■ PROVIDED MATERIAL ■
- Opening Delimiter -

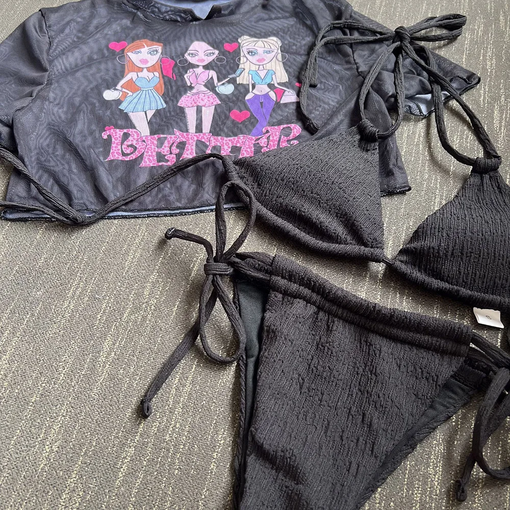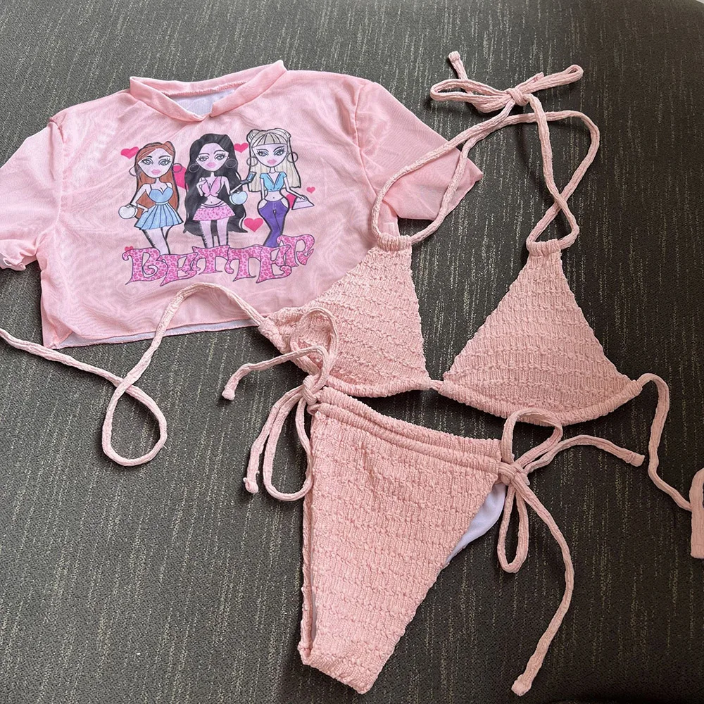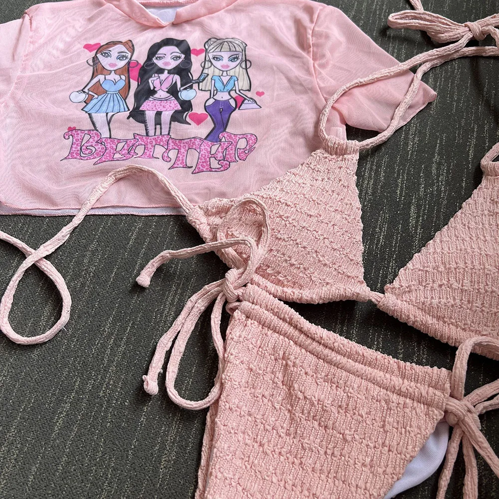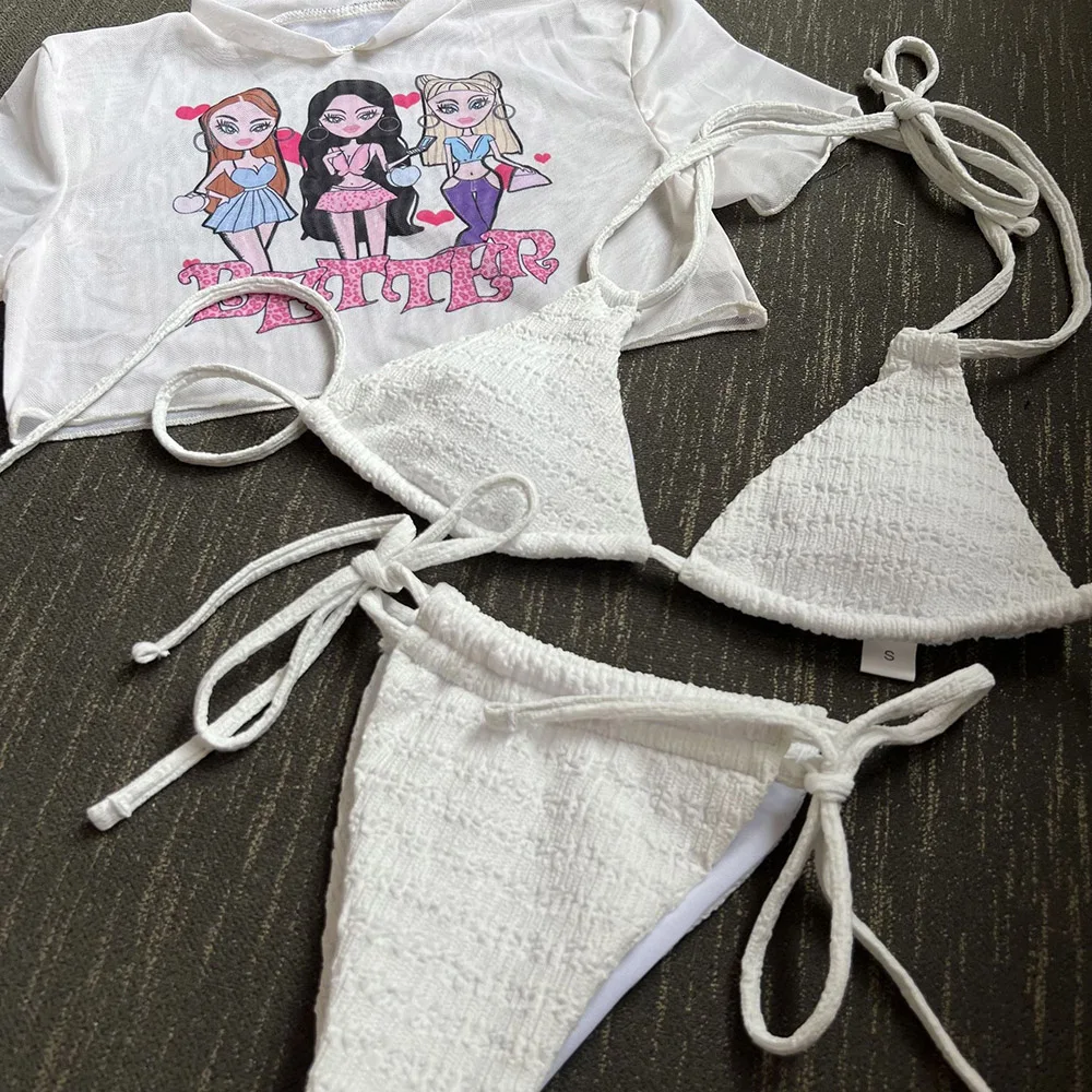 Wholesale Sexy Vest Style Bikini Set 3 Pieces Swimsuit Brazilian Lattice Short Sleeve Swimwear 2024 Beachwear Bathing Suit
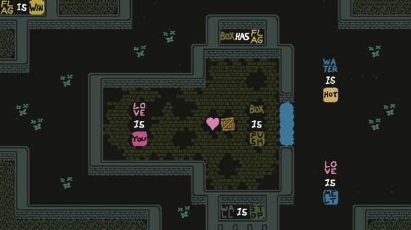 Baba Is You is a puzzle game where you can change the rules by which you play. In every level, the rules themselves are lying as blocks you can interact with; by manipulating them, you can change how the level works and cause surprising, unexpected interactions! With some simple block-pushing you can turn yourself into a rock, turn patches of grass into dangerously hot obstacles, and even change the goal you need to reach to something entirely different.
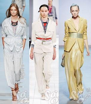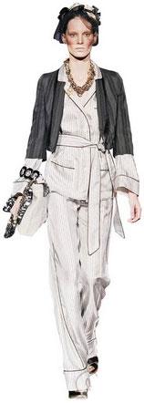 09春夏,Dolce&Gabbana以男式睡衣為靈感,把我們所熟悉的睡衣搬到舞臺上,經(jīng)過改良變成時裝,尤其是褲子結(jié)構(gòu)的創(chuàng)新,這種寬邊褲腳勢必會流行于2009年春夏。這個款式使用具有光澤感和垂感極好的面料,并采用灰白豎條圖案,而這種豎條圖案面料本身就是簡潔韻味的標(biāo)志性符號!八绿籽b”外搭一個黑色小外套,渲染出別具韻味的時尚氣息,美不勝收。而簡潔的款式與閃耀的項鏈搭配相得益彰。還有手中的包包配有金屬鏈條具有很強的裝飾感。
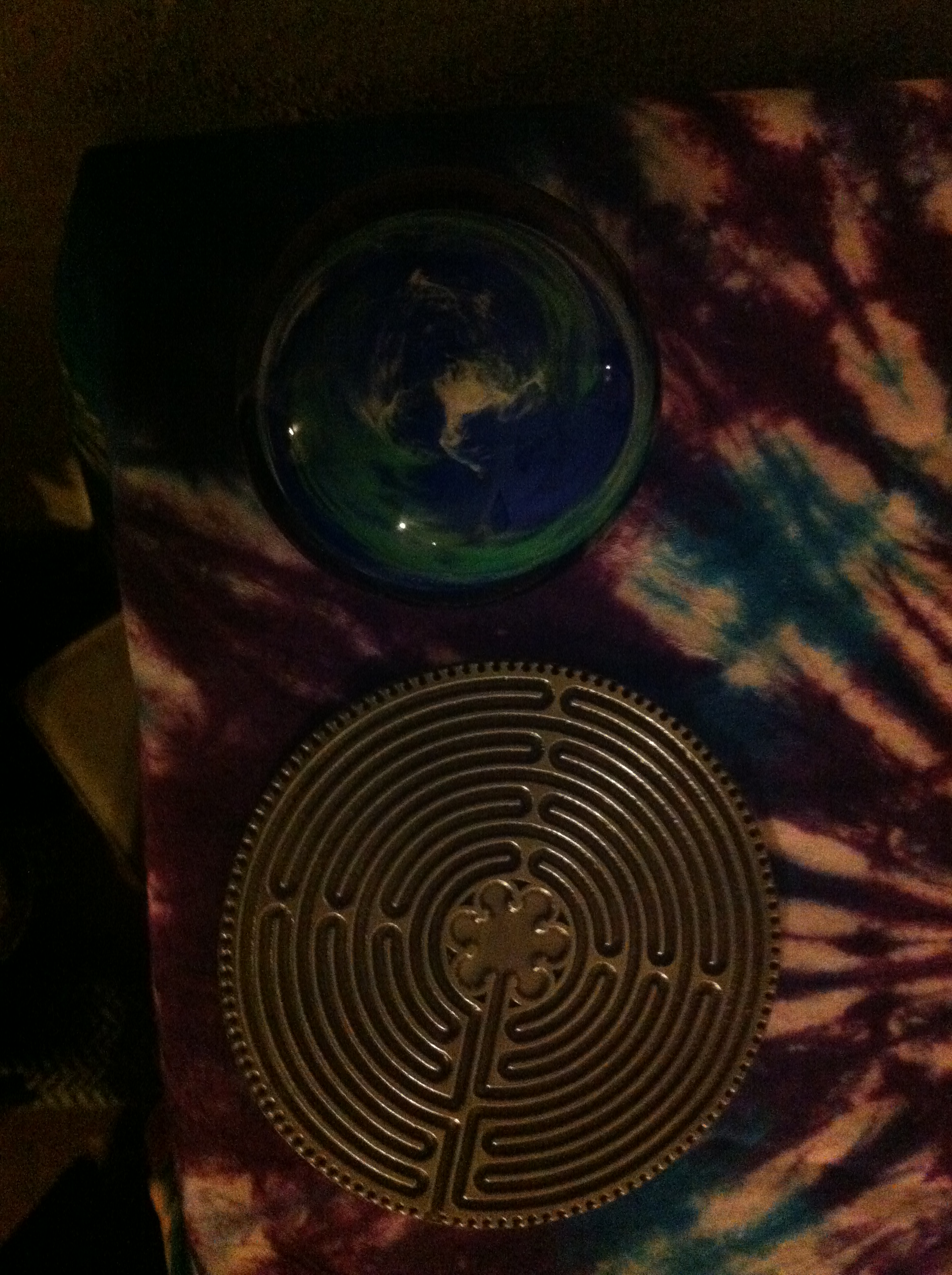 I added an earth paperweight and a labyrinth to represent travel and journey-taking.

- Closing Delimiter -

Retype all of the material above precisely as it reads. Pictures are not part of the copy.

■ EXERCISE RESULT ■
 Wholesale Sexy Vest Style Bikini Set 3 Pieces Swimsuit Brazilian Lattice Short Sleeve Swimwear 2024 Beachwear Bathing Suit
 Baba Is You is a puzzle game where you can change the rules by which you play. In every level, the rules themselves are lying as blocks you can interact with; by manipulating them, you can change how the level works and cause surprising, unexpected interactions! With some simple block-pushing you can turn yourself into a rock, turn patches of grass into dangerously hot obstacles, and even change the goal you need to reach to something entirely different.
 09春夏,Dolce&Gabbana以男式睡衣為靈感,把我們所熟悉的睡衣搬到舞臺上,經(jīng)過改良變成時裝,尤其是褲子結(jié)構(gòu)的創(chuàng)新,這種寬邊褲腳勢必會流行于2009年春夏。這個款式使用具有光澤感和垂感極好的面料,并采用灰白豎條圖案,而這種豎條圖案面料本身就是簡潔韻味的標(biāo)志性符號!八绿籽b”外搭一個黑色小外套,渲染出別具韻味的時尚氣息,美不勝收。而簡潔的款式與閃耀的項鏈搭配相得益彰。還有手中的包包配有金屬鏈條具有很強的裝飾感。
 I added an earth paperweight and a labyrinth to represent travel and journey-taking.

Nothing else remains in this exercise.